School of Mechanics and Engineering Science, Shanghai University, Shanghai 200444, China
2.
Northwest Institute of Nuclear Technology, Xi’an 710024, Shaanxi, China

摘要

摘要: 人工智能方法是预测爆炸荷载的新手段，但现有方法主要用于预测爆炸冲击波的超压峰值或冲量，而预测反射超压时程的研究不多。针对这一问题，以平面冲击波绕射桥梁主梁为对象，提出了一种基于主成分分析（principal components analysis, PCA）和误差反向传播神经网络（backpropagation neural network, BPNN）的桥梁爆炸冲击波反射超压时程的预测模型。
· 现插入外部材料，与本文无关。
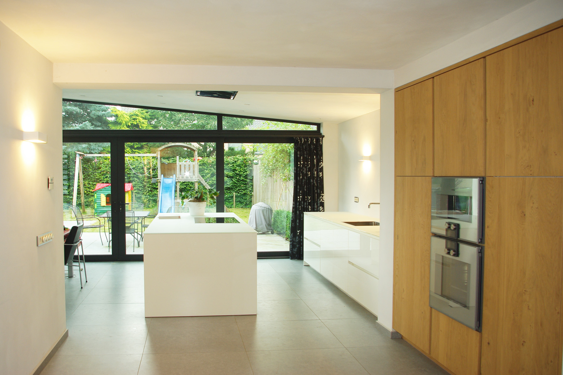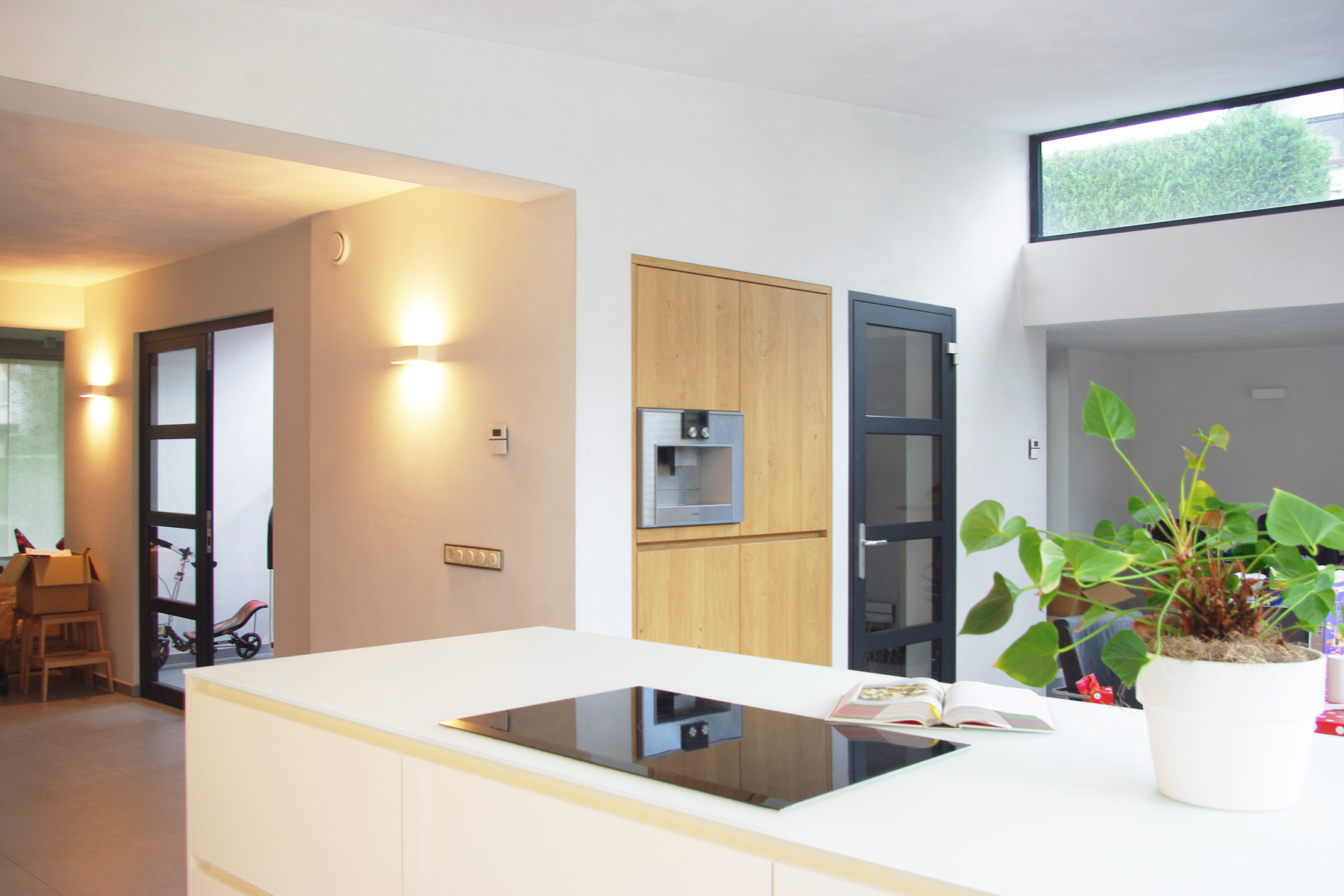 MW architectuur heeft een twee-onder-éénkap-woning uit de jaren zeventig in Eindhoven van binnen geheel gemoderniseerd, de garage verbouwd tot leefruimte en de woning uitgebreid met een aanbouw en speelkamer/ logeerkamer met badkamer.
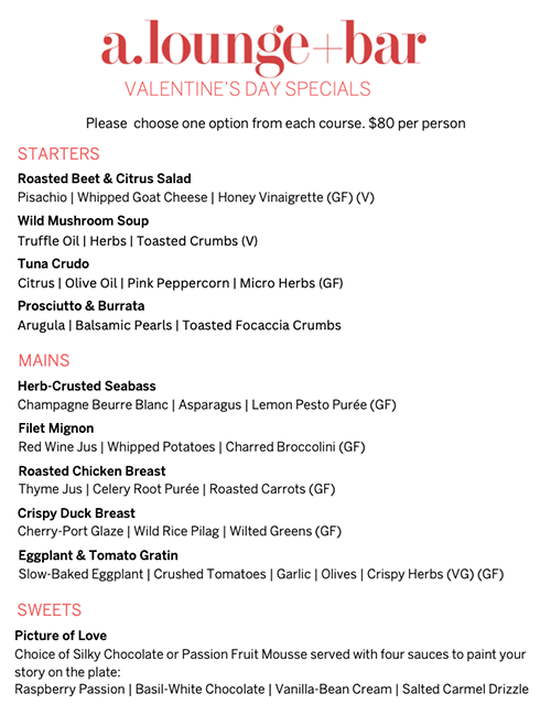 Royal’s Valentine menu also includes special offers on sparkling wines.

该预测模型利用PCA降维处理时程数据，基于多任务学习的BPNN算法，提出了考虑超压峰值和冲量峰值影响的损失函数，使模型能有效预测不同入射超压下的桥梁冲击波荷载时程。通过分析多任务学习模型、多输入单输出模型和多输入多输出模型等三种BPNN模型，发现多任务学习模型的预测精度最高，而多输入多输出模型难以有效适应当前预测任务需求。采用多任务学习模型预测得到的桥梁表面各测点位置的反射超压时程、超压峰值精度较高，R²分别为0.792和0.987，作用在箱梁上的合力时程和扭矩时程预测值也与数值模拟值较为吻合。同时，该模型在对内插值预测的表现优于外推值预测，但其在预测外推值方面同样展现出了一定的能力。
- 爆炸荷载预测 /
- 反射超压时程 /
- 误差反向传播神经网络 /
- 主成分分析 /
- 多任务学习
Abstract: Facing the challenges of accurate and effective prediction under extreme loads, machine learning has gradually demonstrated its potential to replace traditional methods. Existing approaches primarily focus on predicting the peak overpressure or impulse of explosive shock waves, with limited research on predicting the reflected overpressure time history. Load-time history prediction encompasses not only the peak overpressure but also embraces various multi-dimensional information including duration, waveform, and impulse, thereby offering a more comprehensive depiction of the dynamic temporal and spatial characteristics of shock waves. To address this issue, a prediction model for bridge surface reflected overpressure time history is proposed, targeting a planar shock wave diffracting around a bridge section. This model is based on Principal Component Analysis (PCA) and Backpropagation Neural Network (BPNN) algorithm with multi-task learning. A loss function considering the impact of peak overpressure and maximum impulse is introduced to fully consider the potential correlations between different modes after PCA dimension reduction. This enables the model to effectively predict bridge shock wave load time histories under varying incident overpressure. Through the analysis of three types of BPNN models - multitask learning model, multi-input single-output model, and multi-input multi-output model - it was found that the multitask learning model has the highest prediction accuracy, while the multi-input multi-output model struggles to effectively adapt to the current predictive task requirements. The multitask learning model, used for predicting, achieves high precision in forecasting the time history of reflected overpressure at various measurement points on the bridge surface and the peak overpressure values, with R² values of 0.792 and 0.987. It also closely matches the simulation values in predicting the time history of combined forces and torque acting on the box girder. Additionally, this model performs better in interpolative value prediction than in extrapolative value prediction, but it also demonstrates a certain capability in predicting extrapolative values.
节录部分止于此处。